There are numerous other details regarding testing/quarantining procedures and general health protocols (including mandatory face mask usage) that are worth looking into further. The Athletic also released the team schedules and a glimpse at the facilities. But the part that may appeal most to the Clippers is the reduced media availability.

Even with all of the amenities available to the players at the Orlando campus, the fact remains that they are being asked to stay in an enclosed environment for up to three months. Their families aren’t allowed to come until early in September, and they too will be subject to strict constraints. It’s an awkward situation, compounded by the fact that the rest of the country continues to live through a pandemic and social protests. Nothing about this is normal.
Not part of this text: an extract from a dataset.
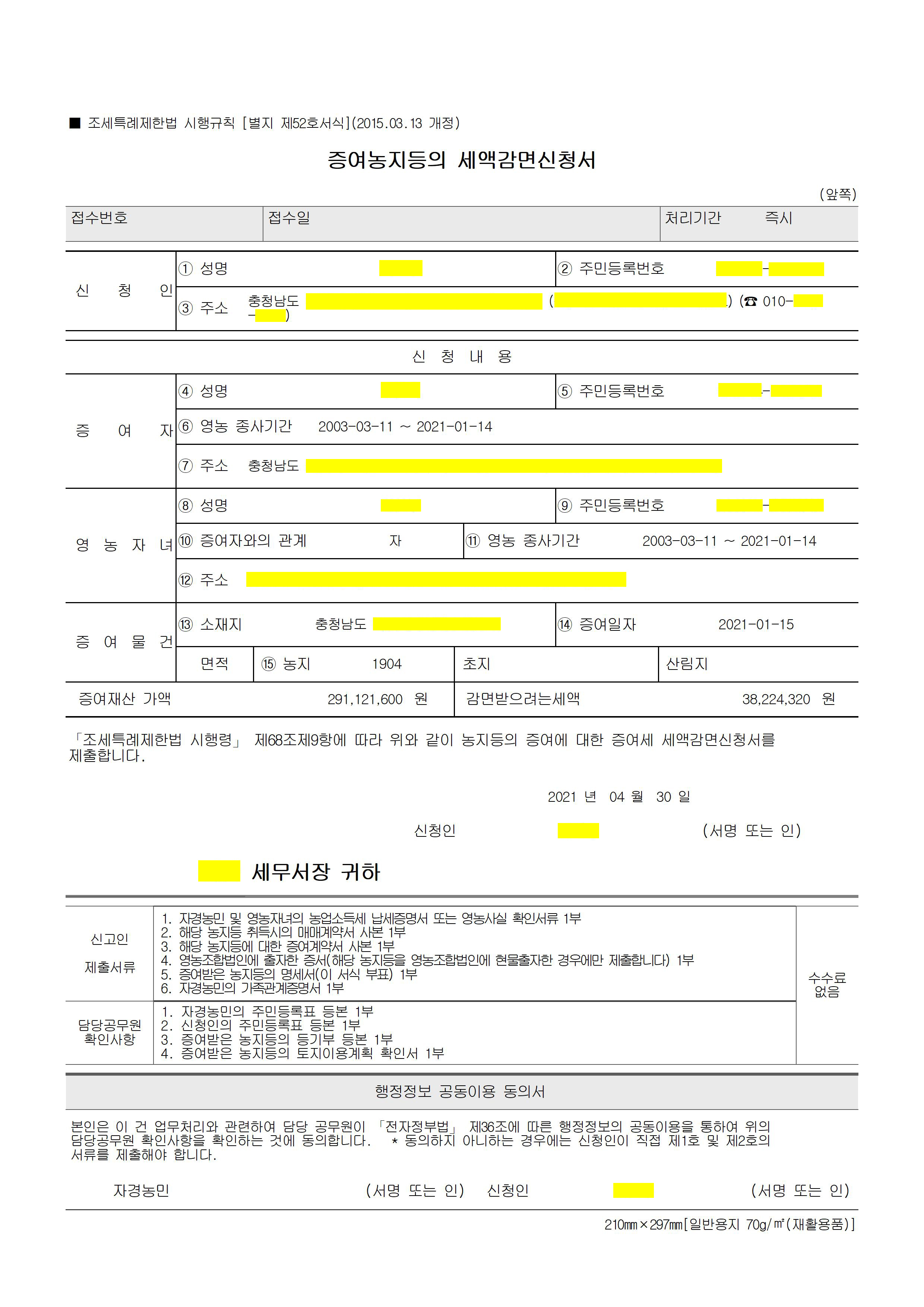 대통령령[조세특례제한법시행령 제68조[영농자녀등이 증여받는 농지 등에 대한 증여세의 감면(2018.02.13 제목개정) ]]

The least the NBA can do is provide a comprehensive plan that takes into account the players’ concerns and needs. The league needs to make the players happy and comfortable, and it seems like they are pulling out all the stops, while still prioritizing safety as best as possible.

The league is also taking note of the growing group of players who believe the NBA needs to better use its platform to advocate for racial justice. The threat of a significant number of players sitting out is likely overstated, but that doesn’t mean their message will go unheard.

It’s easy to get lost in the minutiae of the NBA’s plan, particularly when so much Disney-related silliness is involved. But this is a serious undertaking involving hundreds of people, and the level of preparedness has to reflect that. Now we wait to see if the players are on board.